Barlow Company manufactures three products: A, B, and C. The selling price, variable costs, and contribution margin for one unit of each product follow: Product $210 $320 $240 Selling price Variable expenses: 16 64 24 Direct materials Other variable expenses 132 110 96 126 156 Total variable expenses 160 84 $160 84 Contribution margin 40% 50% Contribution margin ratio 35% The same raw material is used in all three products. Barlow Company has only 5,700 pounds of raw material on hand and will not be able to obtain any more of it for several weeks due to a strike in its supplier’s plant. Management is trying to decide which product(s) to concentrate on next week in filling its backlog of orders. The material costs $8 per pound.

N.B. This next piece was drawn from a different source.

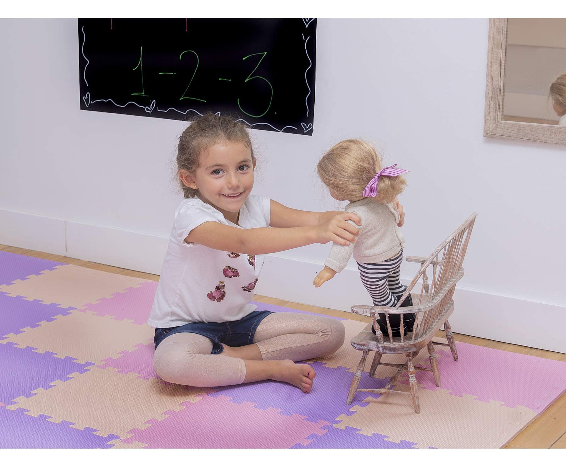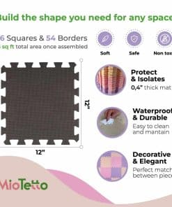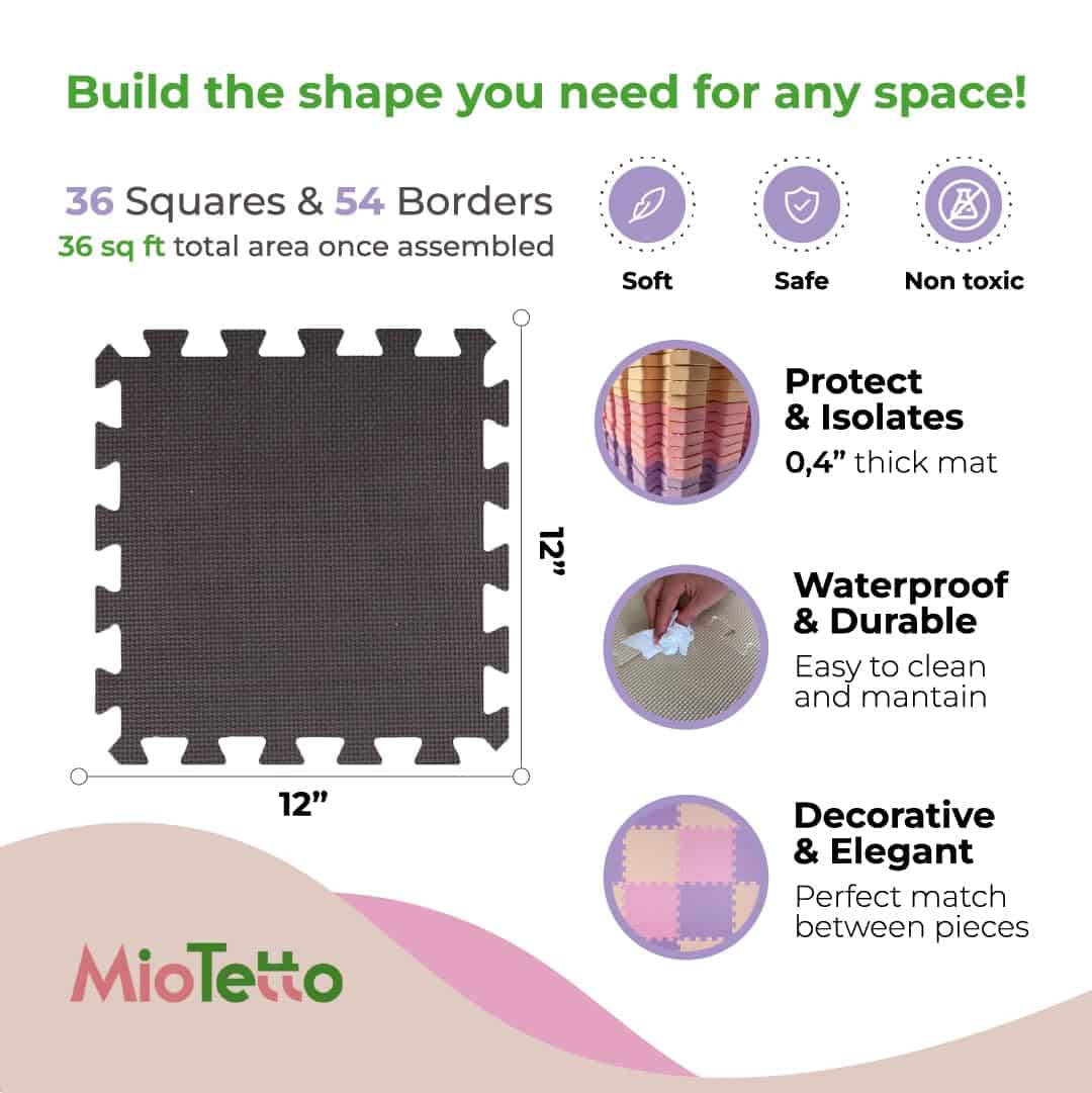 Para nosotros, no hay nada más importante que saber que tu hijo es feliz, seguro y sonriente. Utilizando nuevas técnicas de fabricación y materiales certificados, hemos diseñado un accesorio práctico que permite a tus hijos jugar libremente sin que tengas que preocuparte por golpes, caídas, arañazos, polvo o desechos: ¡el increíble tapete de juego de espuma de rompecabezas! Es súper fácil de armar y puedes personalizar el tamaño, la forma y los colores para obtener más versatilidad y estilo. ¿Por qué este producto es para ti? El tapete de juego de rompecabezas premium para niños de MioTetto no puede faltar en la guardería o sala de juegos de tu niño. Es suave, duradero y colorido, por lo que tus hijos querrán pasar mucho tiempo jugando, leyendo y aprendiendo. Las piezas del rompecabezas están hechas de espuma EVA que es súper cómoda y suave pero también confiable y resistente. Nuestras piezas de tapete vienen en tonos pasteles chic de colores perfectamente combinados que puedes mezclar y combinar para un efecto elegante. Algunas de las características increíbles de este producto: – Tapete de juego cómodo y suave para bebés y niños pequeños – Fácil de armar – El conjunto incluye bordes adicionales – Tonos elegantes – Hecho de espuma EVA de alta densidad – Grosor: 0.4 pulgadas – Tamaño de baldosa: 12 x 12 pulgadas – No contiene BPA, plomo ni ftalatos – Crea un ambiente seguro y suave para los niños – Fácil de limpiar; Material impermeable – Superficie antideslizante. La colección de MioTetto incluye dos opciones: conjunto de 16 piezas con 32 bordes (16 pies cuadrados) y conjunto de 36 piezas con 72 bordes (36 pies cuadrados). ¡Crea un ambiente cómodo para tu pequeño ángel con el tapete de juego de rompecabezas de MioTetto!

The Correct Answer and Explanation is :
To determine which product Barlow Company should prioritize given the limited raw material, we need to calculate the contribution margin per pound of raw material for each product. This metric indicates how much profit each product generates per pound of raw material used.
Step 1: Calculate Contribution Margin per Unit
The contribution margin per unit is the selling price minus the total variable expenses.
- Product A:
- Selling Price: $210
- Variable Expenses: $16 (Direct Materials) + $132 (Other Variable Expenses) = $148
- Contribution Margin per Unit: $210 – $148 = $62
- Product B:
- Selling Price: $320
- Variable Expenses: $64 (Direct Materials) + $110 (Other Variable Expenses) = $174
- Contribution Margin per Unit: $320 – $174 = $146
- Product C:
- Selling Price: $240
- Variable Expenses: $24 (Direct Materials) + $96 (Other Variable Expenses) = $120
- Contribution Margin per Unit: $240 – $120 = $120
Step 2: Calculate Contribution Margin per Pound of Raw Material
Next, we determine how much contribution margin each product generates per pound of raw material. Given that the raw material costs $8 per pound, we can calculate the pounds of raw material used per unit for each product:
- Product A:
- Direct Materials Cost: $16
- Pounds of Raw Material per Unit: $16 ÷ $8 per pound = 2 pounds
- Contribution Margin per Pound: $62 ÷ 2 pounds = $31 per pound
- Product B:
- Direct Materials Cost: $64
- Pounds of Raw Material per Unit: $64 ÷ $8 per pound = 8 pounds
- Contribution Margin per Pound: $146 ÷ 8 pounds = $18.25 per pound
- Product C:
- Direct Materials Cost: $24
- Pounds of Raw Material per Unit: $24 ÷ $8 per pound = 3 pounds
- Contribution Margin per Pound: $120 ÷ 3 pounds = $40 per pound
Step 3: Prioritize Products Based on Contribution Margin per Pound
With 5,700 pounds of raw material available, Barlow Company should prioritize the products that offer the highest contribution margin per pound of raw material to maximize profitability.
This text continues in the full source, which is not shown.